Omnidirectional depth perception is essential for mobile robotics applications that require scene understanding across a full 360° field of view. Camera-based setups offer a cost-effective option by using stereo depth estimation to generate dense, high-resolution depth maps without relying on expensive active sensing. However, existing omnidirectional stereo matching approaches achieve only limited depth accuracy across diverse environments, depth ranges, and lighting conditions, due to the scarcity of real-world data. We present DFI-OmniStereo, a novel omnidirectional stereo matching method that leverages a large-scale pre-trained foundation model for relative monocular depth estimation within an iterative optimization-based stereo matching architecture. We introduce a dedicated two-stage training strategy to utilize the relative monocular depth features for our omnidirectional stereo matching before scale-invariant fine-tuning. DFI-OmniStereo achieves state-of-the-art results on the real-world Helvipad dataset, reducing disparity MAE by approximately 16% compared to the previous best omnidirectional stereo method.

Figures (5)

• Figure 1: Overview of our proposed omnidirectional stereo matching approach DFI-OmniStereo.
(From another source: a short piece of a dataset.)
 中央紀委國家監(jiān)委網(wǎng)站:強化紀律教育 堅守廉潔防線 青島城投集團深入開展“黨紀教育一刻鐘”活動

Given a pair of equirectangular images captured by two vertically stacked omnidirectional cameras, our method integrates a large-scale pre-trained monocular relative depth foundation model into an iterative stereo matching approach. DFI-OmniStereo improves disparity and depth estimation accuracy, significantly outperforming the previous state-of-the-art method. We visualize predicted disparity on a log-scale (red indicates high disparity and low depth; vice versa for blue).
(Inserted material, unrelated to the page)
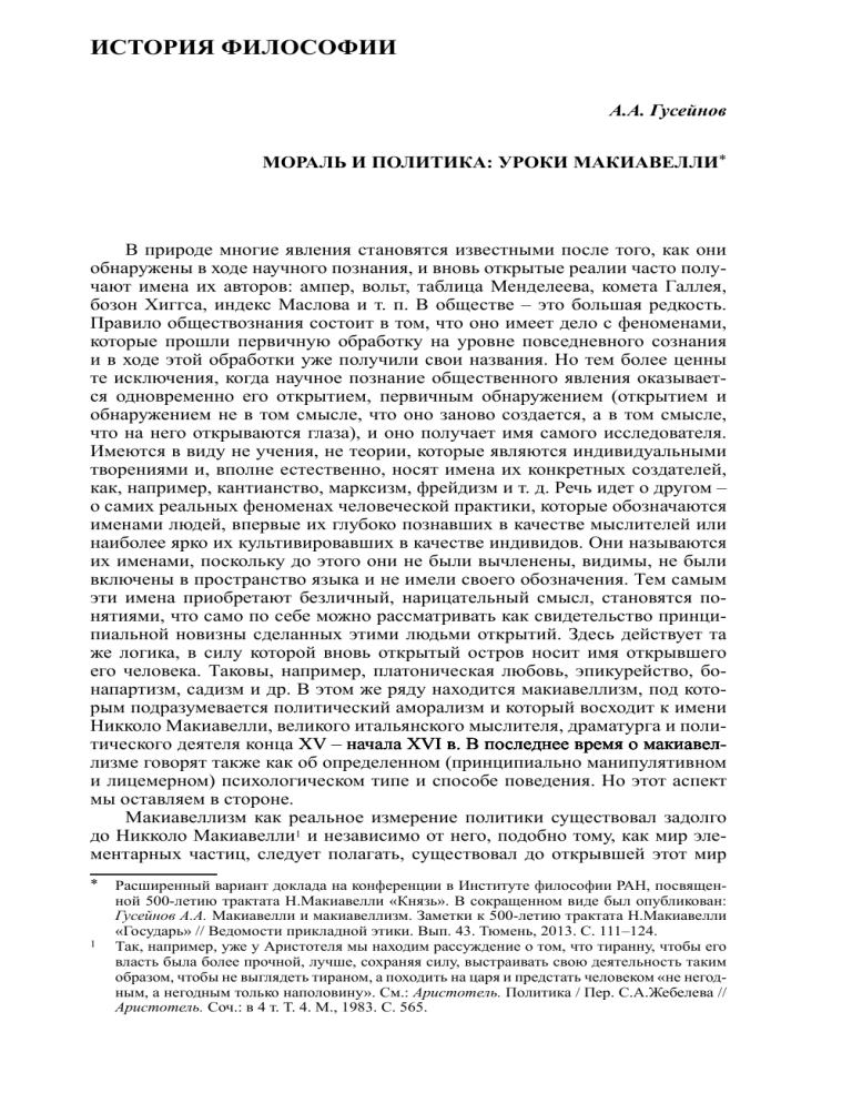 ИСТОРИЯ ФИЛОСОФИИ А.А. Гусейнов МОРАЛЬ И ПОЛИТИКА: УРОКИ МАКИАВЕЛЛИ* В природе многие явления становятся известными после того, как они обнаружены в ходе научного познания, и вновь открытые реалии часто получают имена их авторов: ампер, вольт, таблица Менделеева, комета Галлея, бозон Хиггса, индекс Маслова и т. п. В обществе – это большая редкость. Правило обществознания состоит в том, что оно имеет дело с феноменами, которые прошли первичную обработку на уровне повседневного сознания и в ходе этой обработки уже получили свои названия. Но тем более ценны те исключения, когда научное познание общественного явления оказывается одновременно его открытием, первичным обнаружением (открытием и обнаружением не в том смысле, что оно заново создается, а в том смысле, что на него открываются глаза), и оно получает имя самого исследователя. Имеются в виду не учения, не теории, которые являются индивидуальными творениями и, вполне естественно, носят имена их конкретных создателей, как, например, кантианство, марксизм, фрейдизм и т. д. Речь идет о другом – о самих реальных феноменах человеческой практики, которые обозначаются именами людей, впервые их глубоко познавших в качестве мыслителей или наиболее ярко их культивировавших в качестве индивидов. Они называются их именами, поскольку до этого они не были вычленены, видимы, не были включены в пространство языка и не имели своего обозначения. Тем самым эти имена приобретают безличный, нарицательный смысл, становятся понятиями, что само по себе можно рассматривать как свидетельство принципиальной новизны сделанных этими людьми открытий. Здесь действует та же логика, в силу которой вновь открытый остров носит имя открывшего его человека. Таковы, например, платоническая любовь, эпикурейство, бонапартизм, садизм и др. В этом же ряду находится макиавеллизм, под которым подразумевается политический аморализм и который восходит к имени Никколо Макиавелли, великого итальянского мыслителя, драматурга и политического деятеля конца XV���������������������������������������������� ������������������������������������������������ – начала XVI��������������������������������� ������������������������������������ в. В последнее время о макиавеллизме говорят также как об определенном (принципиально манипулятивном и лицемерном) психологическом типе и способе поведения. Но этот аспект мы оставляем в стороне. Макиавеллизм как реальное измерение политики существовал задолго до Никколо Макиавелли1 и независимо от него, подобно тому, как мир элементарных частиц, следует полагать, существовал до открывшей этот мир * 1 Расширенный вариант доклада на конференции в Институте философии РАН, посвященной 500-летию трактата Н.Макиавелли «Князь». В сокращенном виде был опубликован: Гусейнов А.А. Макиавелли и макиавеллизм. Заметки к 500-летию трактата Н.Макиавелли «Государь» // Ведомости прикладной этики. Вып. 43. Тюмень, 2013. С. 111–124. Так, например, уже у Аристотеля мы находим рассуждение о том, что тиранну, чтобы его власть была более прочной, лучше, сохраняя силу, выстраивать свою деятельность таким образом, чтобы не выглядеть тираном, а походить на царя и предстать человеком «не негодным, а негодным только наполовину».

• Figure 2: Overview of DFI-OmniStereo. A shared depth foundation model (purple) is utilized to extract representations from a top and bottom image. Subsequently, an omnidirectional stereo matching head (pink) predicts disparity, utilizing the image features as follows: The intermediate representations and relative depth maps of both images are adapted to be processed as multi-scale feature maps by the iterative matching head. This head predicts a disparity map using vertical warping for cost volume construction. The training consists of two stages. In training stage A (blue), we adapt the stereo matching head to the omnidirectional data and the foundation model features (foundation model frozen) using a conventional stereo matching loss $\mathcal{L}_{A}$. In stage B (orange), we fine-tune the foundation model decoder and the stereo matching head, utilizing a scale-invariant logarithmic loss $\mathcal{L}_{B}$. Frozen and trainable modules are denoted with a snowflake and fire symbol, respectively.
• Figure 3: Qualitative comparison on the Helvipad zayene2024helvipad test split. We visualize the bottom image, ground-truth disparity maps (°), and the predicted disparity maps (°) of the previous state-of-the-art method, 360-IGEV-Stereo, and of DFI-OmniStereo.
• Figure 4: Training sample-efficient learning analysis using DFI-OmniStereo on the Helvipad dataset zayene2024helvipad. The training data for our method is a randomly sampled subset. 360-IGEV-Stereo zayene2024helvipad is visualized as the dashed line using $100\%$ of the training data for comparison.
• Figure 5: Qualitative comparison of generalization to real-world images from wang2020360sd. We visualize the bottom image and the disparity prediction (°) of 360-IGEV-Stereo and DFI-OmniStereo (from top to bottom) using the hall, room, and stairs scene (from left to right).